The provincial government is willing to work more closely with the District of Lantzville on detour and traffic management plans for the Island Highway.

According to a letter available on the district’s website, the Ministry of Transportation said it would “be more than happy” to go over its traffic management plan for Highway 19 with the District of Lantzville and to “work more closely” with the municipality on detour plans.

The letter explains that in the event of an incident that “results in the long closure” of Highway 19, the ministry’s traffic plan calls for the use of a gate that is installed with a “median barrier” at a rest area near Nanoose Bay, allowing traffic to cross over onto the opposite side of the highway.

Lantzville’s section of the highway has “limited detour” options, the ministry notes.

The ministry’s response comes less than a month after Lantzville council passed a series of motions calling on the Ministry of Transportation and Infrastructure to create a traffic management plan for the district when Highway 19 is closed as well as carry out a review of the highway to address safety concerns.

The motions, which were brought forward by Coun. Karen Proctor and passed unanimously, also called on the Nanaimo RCMP to increase enforcement along Lantzville’s stretch of the Island Highway

About 8.5 kilometres of Highway 19 cross through the District of Lantzville and Nanoose First Nation. During that stretch, there are four intersections with traffic lights, with the major intersections being Superior Road and Ware Road. Traffic lights were installed earlier this year on Highway 19 at the Lantzville Road intersection, near the newly built Shell station.

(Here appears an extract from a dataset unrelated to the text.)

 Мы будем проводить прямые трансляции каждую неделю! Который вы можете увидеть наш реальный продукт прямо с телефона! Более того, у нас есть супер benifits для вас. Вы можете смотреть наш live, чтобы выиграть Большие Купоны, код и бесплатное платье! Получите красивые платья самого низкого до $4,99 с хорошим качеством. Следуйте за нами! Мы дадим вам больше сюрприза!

Proctor said she was pleased with the ministry’s response. She said she will be bringing forward a motion at Lantzville’s next council meeting on Oct. 21 requesting that the District of Lantzville have access to the ministry’s emergency traffic plan.

“We want to see their plan. That is the next step,” she said. “Then we will decide who we need to have a conversation with about adjusting that plan.”

Proctor said she will also be requesting that the province install electric signs that list travel times along Highway 19 before Lantzville. She said the signs would make a big difference because motorists would be able to see whether the highway is closed or not before they reach a point where they cannot exit the highway.

“If I was headed up Island and I saw a sign for Aulds Road that said there is a two-and-a-half-hour traffic delay, I would pull into Woodgrove and have a coffee,” she said. “The same thing if I saw that sign before I got to Northwest Bay Road, I’d just turn back to Parksville. That would ease the congestion a lot.”

Lantzville’s stretch of Highway 19 is unique, according to Proctor.

“We have four lights on a four-lane highway that are closer together than any other stretch and then we have the stretch where there is no route around it. So, when there is an accident between Northwest Bay Road and Aulds Road, you’re stuck,” she said.

Long term, Proctor believes the best solutions would be for an interchange to be installed at Ware Road, a flyover built at Aulds Road and an alternate road that would allow for motorists to bypass Highway 19 in the event of a major accident.

“We need an additional route through that area,” she said. “I know that is very expensive, but for everybody’s safety that needs to be done.”